Figure 3 The frequency of each candidate allotype and amino acid residue encoded in the Major Histocompatibility Complex (MHC) associated with susceptibility to SARS-CoV-2 symptomatic infection or with asymptomatic and seronegative after exposure. COVID-19[+]: Patients with symptomatic COVID-19. COVID-19[-]: Individuals sharing the same bed with symptomatic patients (exposed individuals) and are asymptomatic and seronegative. P-value (1): Logistic regression comparing all COVID-19[+] and all COVID-19[-] individuals, controlling for sex, age, and genetic ancestry; P-value (2): Logistic regression comparing COVID-19[+] and COVID-19[-] individuals, controlling for age, and genetic ancestry; P-value (3): Fisher exact test, comparing COVID-19[+] or COVID-19[-] individuals with a population sample paired by gender and genetic ancestry. In green, P-values < 0.005; In yellow, P-value between 0.005 and 0.05. Notes: (A) DOB*01:02 is the only HLA-DOB allotype carrying residue 18Q; (B) MICB*004, *024, *028 carry residue 75N (residue 75 in the full-length protein); (C) This residue is common to many HLA-A alleles, including A*23:01, A*25:01, A*26:01, *29:02, *30:01, *30:02, *31:01, *32:01, *33:01; (D) This residue is common to many HLA-A allotypes, including A*23:01, *29:02, *30:01, *30:02, *31:01, *32:01, *33:01; (E) This residue occurs in DRB1*03:01, *03:02, *04:01,*04:09, *13:03. rs9269942/T captures only a fraction of the sequences encoding K at position 101 from HLA-DRB1, since the composition of other surrounding variants, including indels, can produce the codon for K.

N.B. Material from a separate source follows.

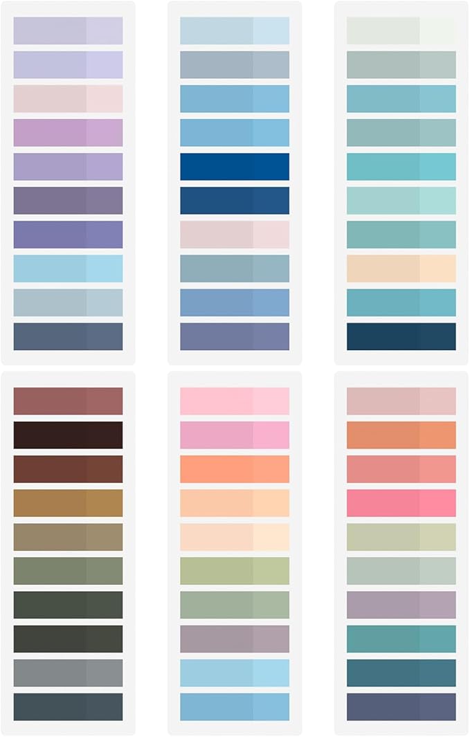 - Package Include: 2 styles (3 sheets/style) of sticky index tabs in this package, 6 sheets 1200 pieces tabs total, 0.42*1.75 inch sticky tabs with 60 different morandi colors.

When stratifying the groups by sex, the HLA-A residues 168Q and 175R, both corresponding to HLA-A missense mutations listed in Figure 2, are underrepresented in symptomatic men (p < 0.005) compared to COVID-19[-] women and in the general population (p < 0.05). However, we do not observe these differences when comparing COVID-19[+] and COVID-19[-] with the same sex (Supplementary Figure S4). HLA-DOB*01:02 is overrepresented mostly in COVID-19[+] women (p = 0.0044, OR = 9.0678). Overall, the protein and amino acid analyses corroborate what was observed in the single-nucleotide polymorphism (SNP) analysis for missense mutations.
We also tested HLA-A and HLA-B alleles grouped as supertypes (22). There is a trend to lower frequency of supertype A03 among exposed seronegative (p = 0.0378) when controlling for genetic ancestry, sex, and age, but this association was not significant after correction for multiple tests (six different HLA-A supertypes) or when stratifying samples by sex (Supplementary Table S2).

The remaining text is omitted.